Assim eu li, anos depois, no fragmento de uma tábua sagrada dos Chyurda, e assim finalmente
vim a compreender Jhaampe. Mas, da primeira vez, quando subimos o monte, cavalgando em
direção à cidade, fiquei ao mesmo tempo desapontado e fascinado pelo que vi.
Os templos, palácios e edifícios públicos lembravam-me imensos botões de tulipa
fechados, tanto na cor como na forma. A forma tinha sido herdada dos abrigos de pele curtida
que tinham sido um dia, em tempos tradicionais entre os nômades que fundaram a cidade; as
cores resultavam apenas do amor que o povo da montanha tem por encher tudo de cores vivas.
Os edifícios tinham sido pintados em preparação para a nossa chegada e para as núpcias da
princesa e, portanto, eram exuberantes e quase excessivos.
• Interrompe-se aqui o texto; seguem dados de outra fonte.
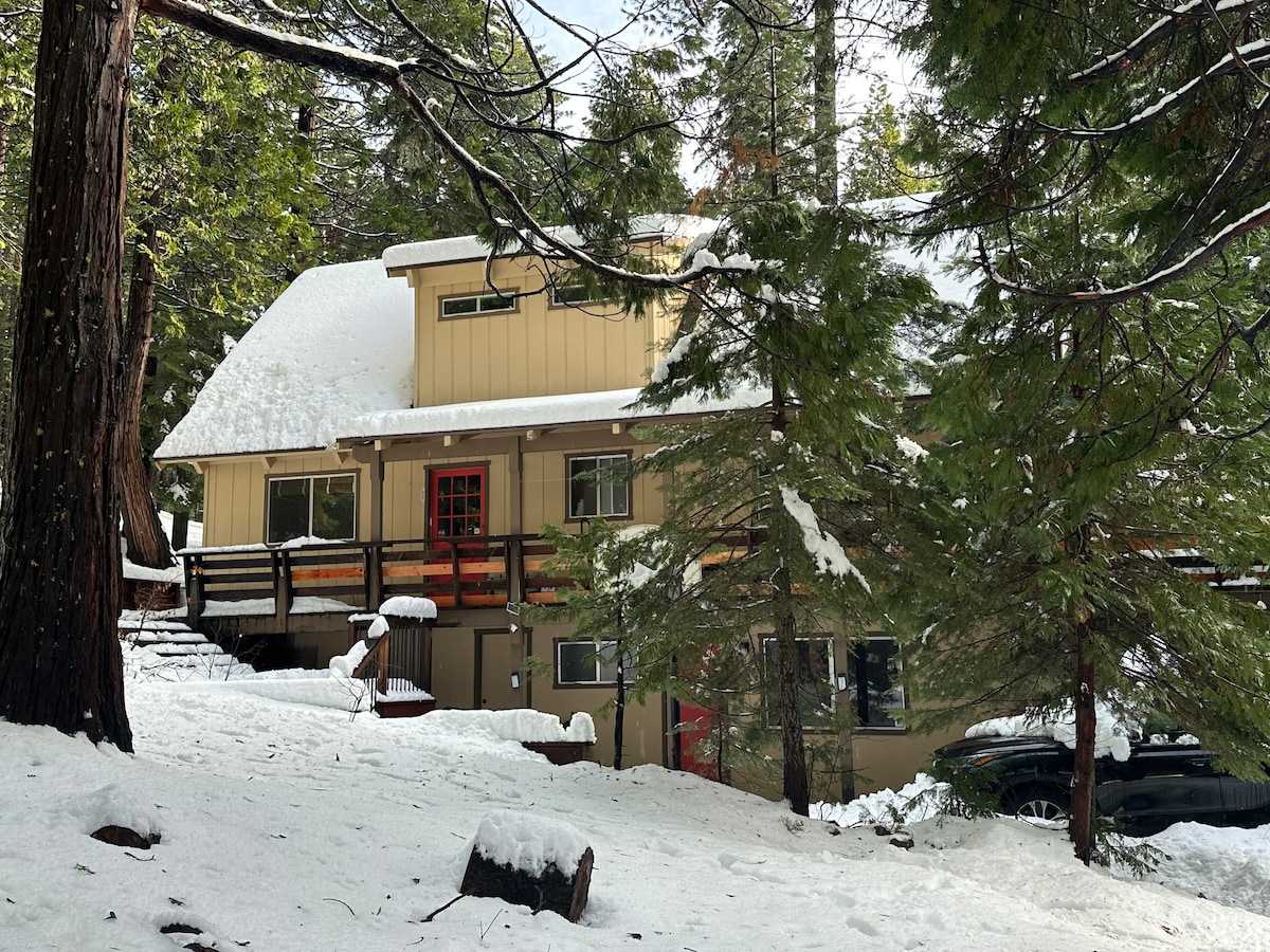 Escape to The Chalet Getaway - a 1970s cabin that waits to wrap you in warm vintage vibes. The 20 foot bow front windows provide great views of the surrounding blue skies and beautiful trees. The large deck is a front row seat to the bountiful sights and sounds of nature, and is perfect for stargazing from the hot tub. Connect with loved ones in this cozy, nostalgic setting. 10 minutes to stunning Pinecrest Lake, 15 to Dodge Ridge. Surrounded by loads of fun outdoor activities.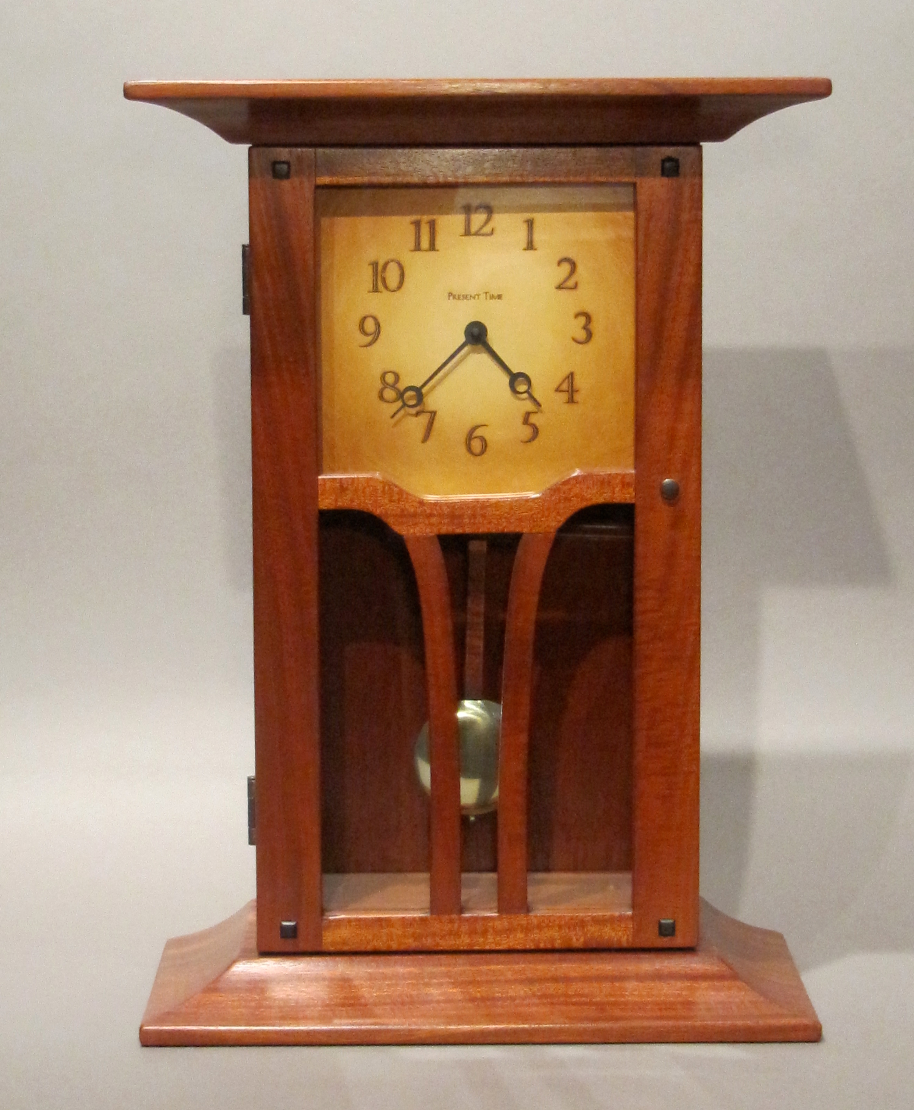 Rather than traditional Quarter-sawn Oak, I decided to do my first version in Khaya, which is a highly figured Mahogany. I first introduced this clock at the Craftsman Weekend Show in Pasadena in October of 2012. You can find out more about the yearly show in Pasadena at Pasadena Heritage. $700.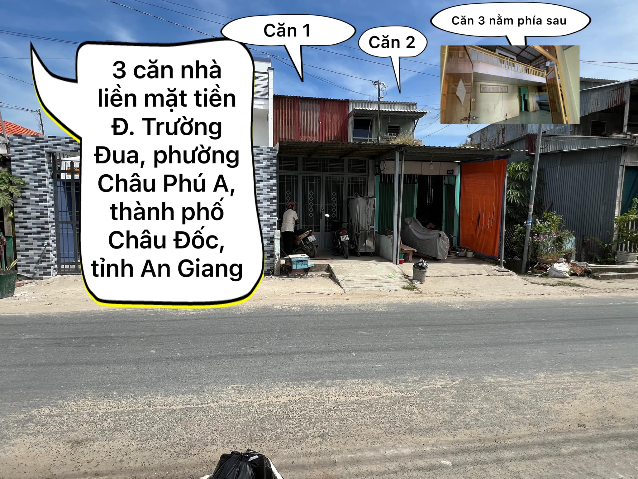 Cần bán 3 căn nhà liền mặt tiền Đ. Trường Đua, phường Châu Phú A, thành phố Châu Đốc, tỉnh An Giang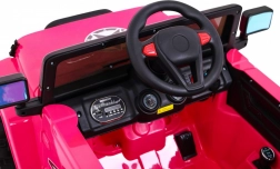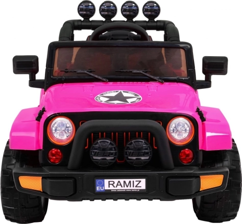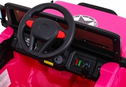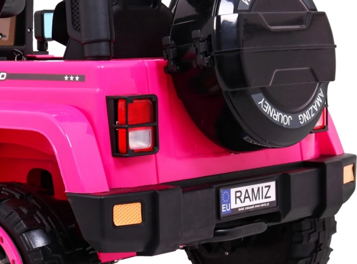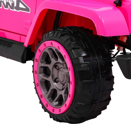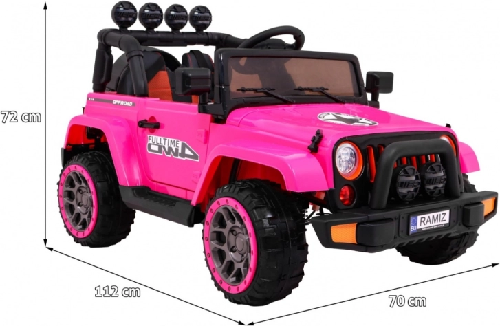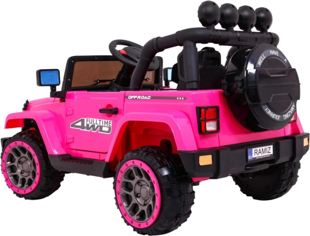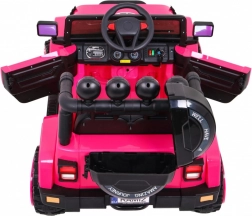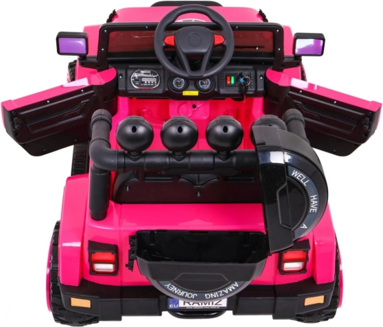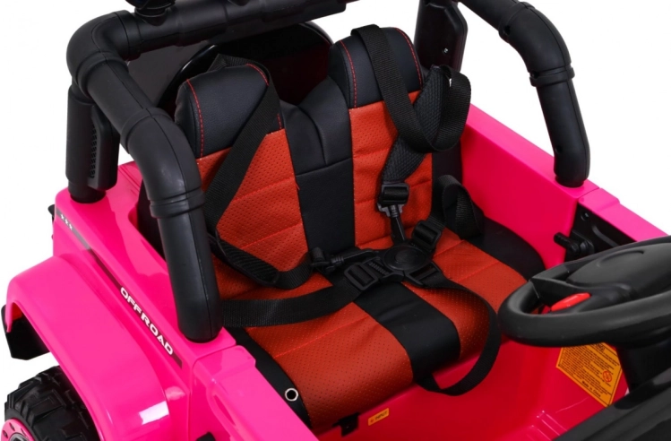 Rodzice docenią pilot 2.4 GHz z trzema prędkościami i przyciskiem bezpieczeństwa STOP. Wnętrze oferuje wygodne siedzisko z pięciopunktowymi pasami, otwierane drzwi z blokadą oraz funkcjonalny panel audio z MP3, USB, SD i wejściem AUX, a także wgrane melodie. Praktyczny schowek w tylnym kole zapasowym pomieści drobiazgi na drogę.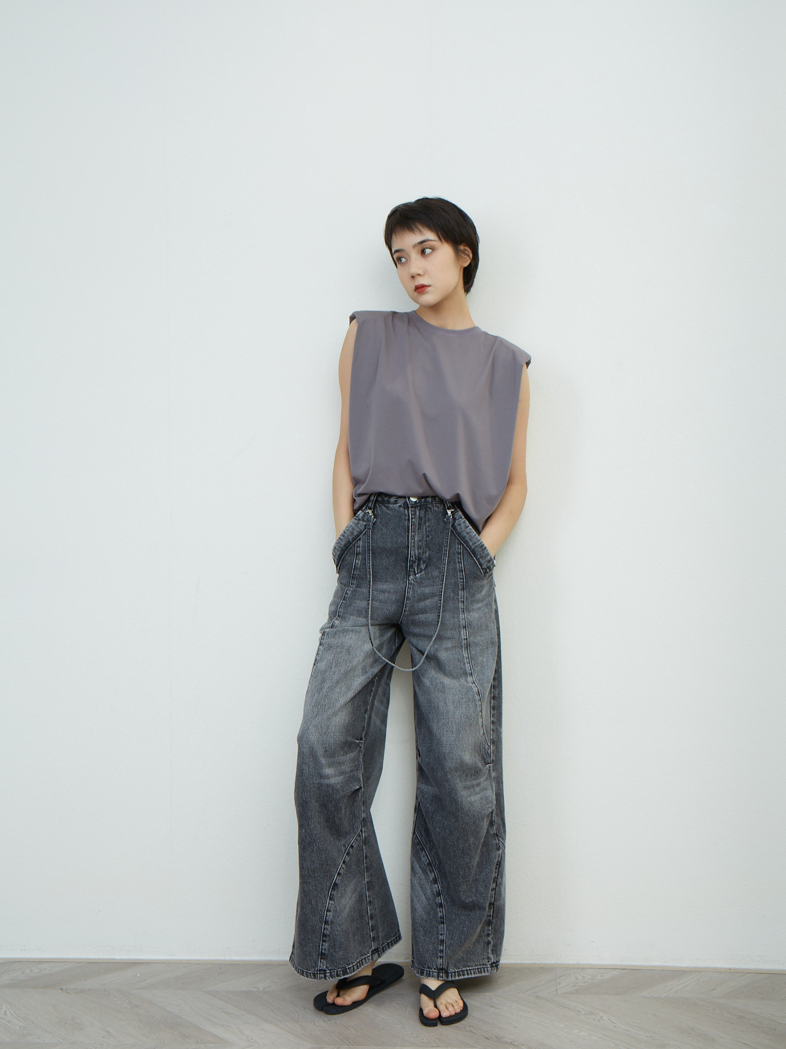 Handsome Ruffy Street Retrospective Doing old severe washing cutting and cutting loose legs open forklift tuned jeans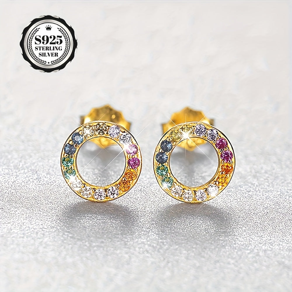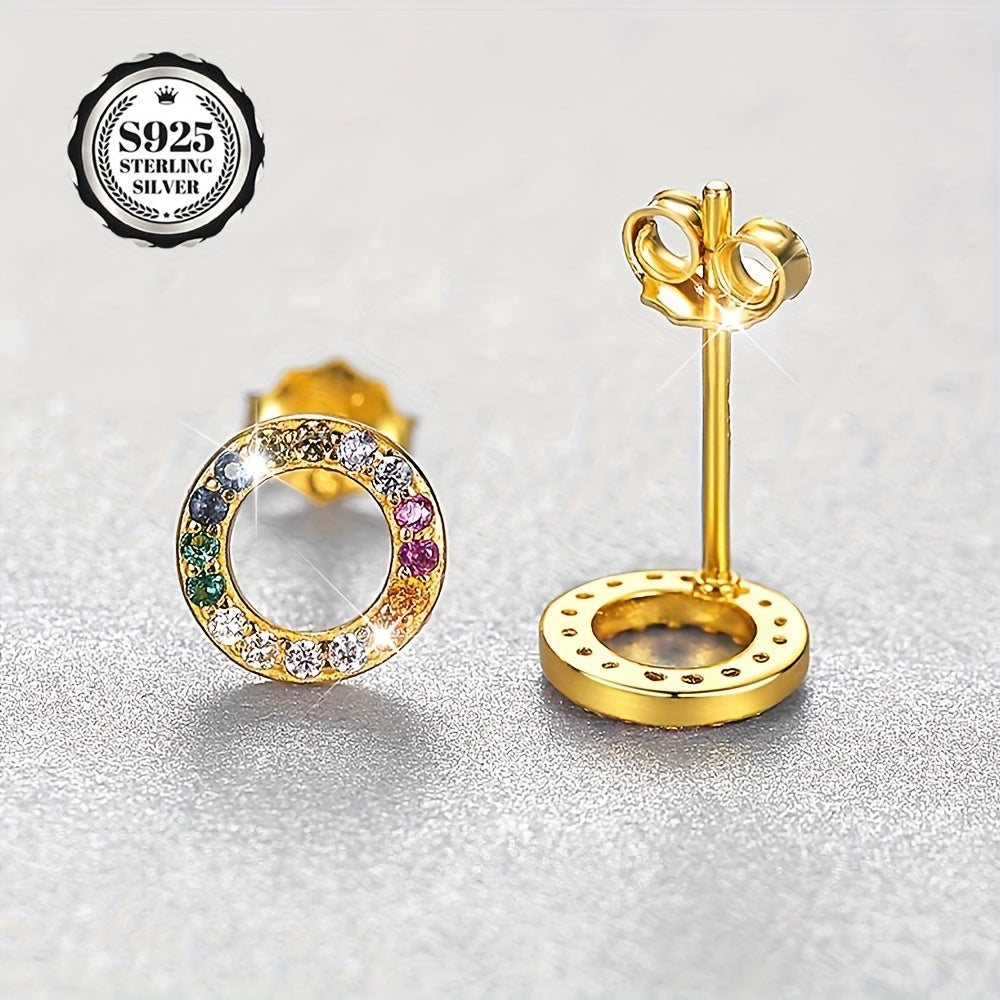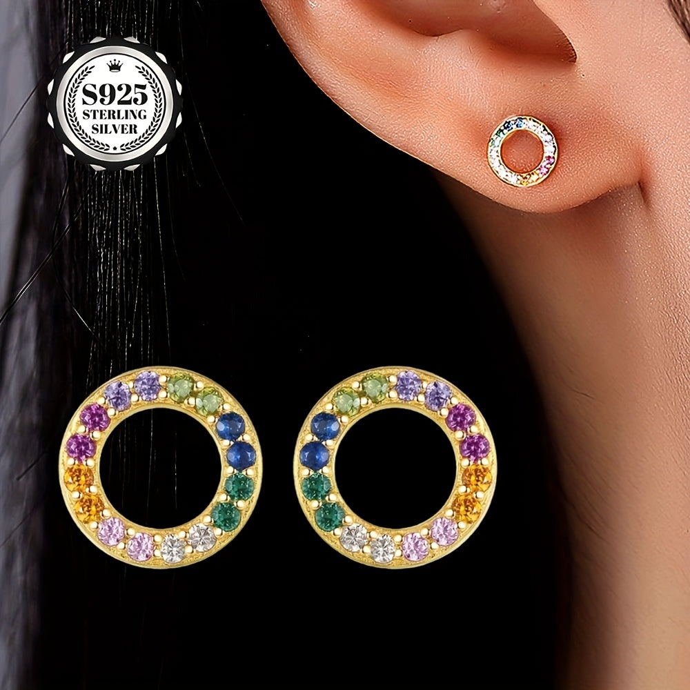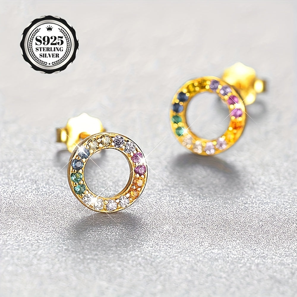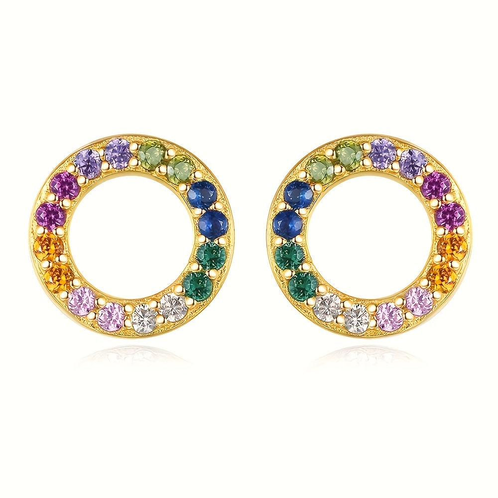 Add a pop of color to your outfit with these delicate small hoop stud earrings featuring synthetic zirconia stones. Perfect for daily wear, these earrings come in a beautiful packaging.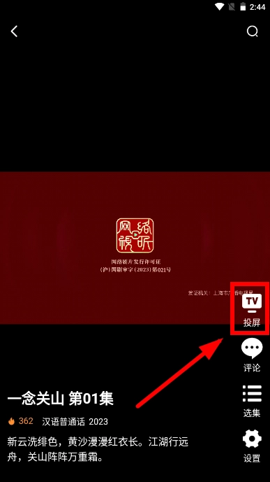 2、点击之后进入播放界面,大家能看到右侧就有投屏功能,点击进行设置。
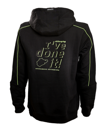 Celebrate your successful lap on the Nordschleife with the "I've done it" men's hoodie from the official Nürburgring shop. This black and green hoodie is made from a comfortable blend of 80% organic cotton and 20% polyester. The green Nürburgring logo adorns the front, while the "I've done it!" lettering on the back in a striking carbon look celebrates your triumph and achievement. Ideal for cool days at the racetrack or relaxed leisure activities.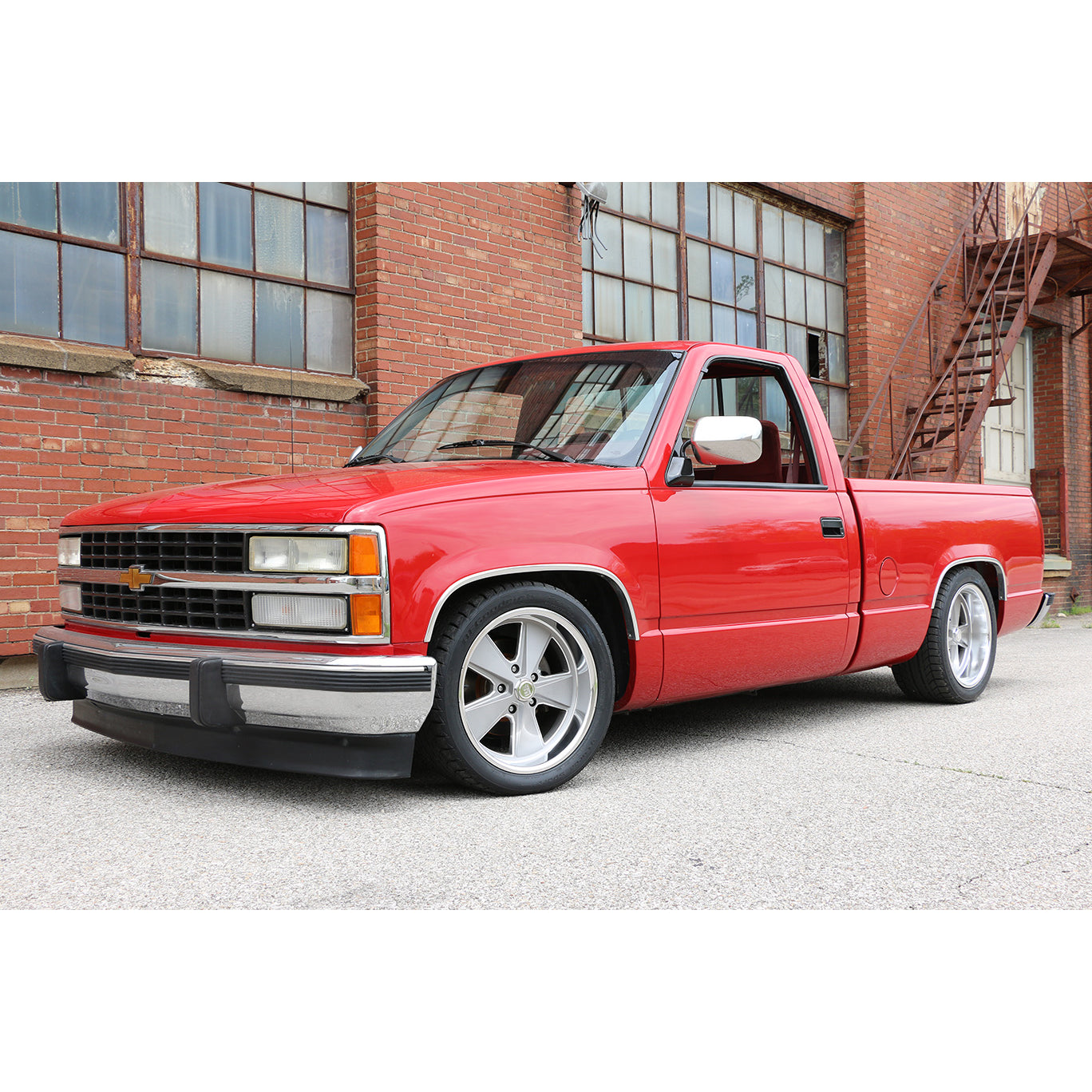 StreetGrip suspension system for 1988-1998 C1500, HD spindle and 10 bolt. Includes HD drop spindles, front lowering springs, c-notches, flip brackets, shock relocation brackets, front and rear HQ shocks and hardware.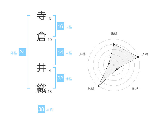 寺倉 井織さんの天格は16画の5点!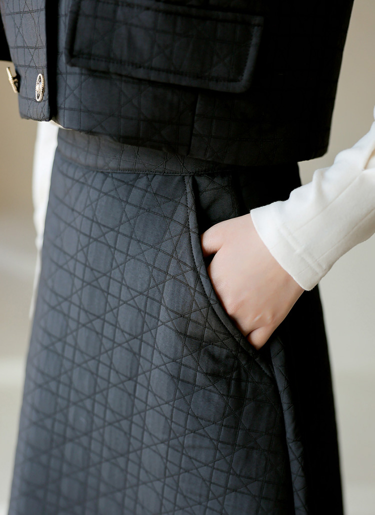엘론느 다이아 퀄팅 패딩 조끼 베스트 A라인 플레어 스커트 세트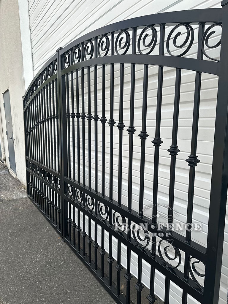 Regal Style Iron Driveway Gate with Q-scrolls and Picket Accents

Os tons de púrpura eram
dominantes, com amarelos contrastando, mas todas as cores estavam representadas. Um campo
de açafrão brotando na neve e na terra negra será talvez a melhor comparação para esse
espetáculo, pois as rochas negras e desnudadas das montanhas e as sempre-vivas escuras
tornavam as cores vivas dos edifícios ainda mais impressionantes. Além disso, a própria
cidade está construída numa área tão íngreme quanto a Cidade de Torre do Cervo, de forma
que quando se olha para ela de baixo, as suas tonalidades e linhas apresentam-se em camadas,
como um habilidoso arranjo floral num cesto.
Porém, à medida que nos aproximávamos, conseguimos ver que, dispostas entre os grandes
edifícios, havia tendas e cabanas temporárias e abrigos minúsculos de todos os tamanhos e
feitios. Porque em Jhaampe apenas os edifícios públicos e as casas reais são permanentes.
Todo o resto varia de acordo com o tipo de pessoas que vêm visitar a capital, ou pedir
julgamento ao Sacrifício, que é como designam o rei ou a rainha que os governa, ou para
visitar os repositórios dos seus tesouros e sabedoria, ou simplesmente para fazer comércio e
encontrar outros nômades. Tribos vão e vêm, tendas são armadas e habitadas por um mês ou
dois e depois, numa manhã, não resta nada mais que terra vazia onde antes se encontravam, até
que outro grupo chegue para reclamar o terreno. Contudo, não é um lugar desorganizado, pois
as ruas são bem definidas, com escadarias de pedra dando acesso aos lugares mais íngremes.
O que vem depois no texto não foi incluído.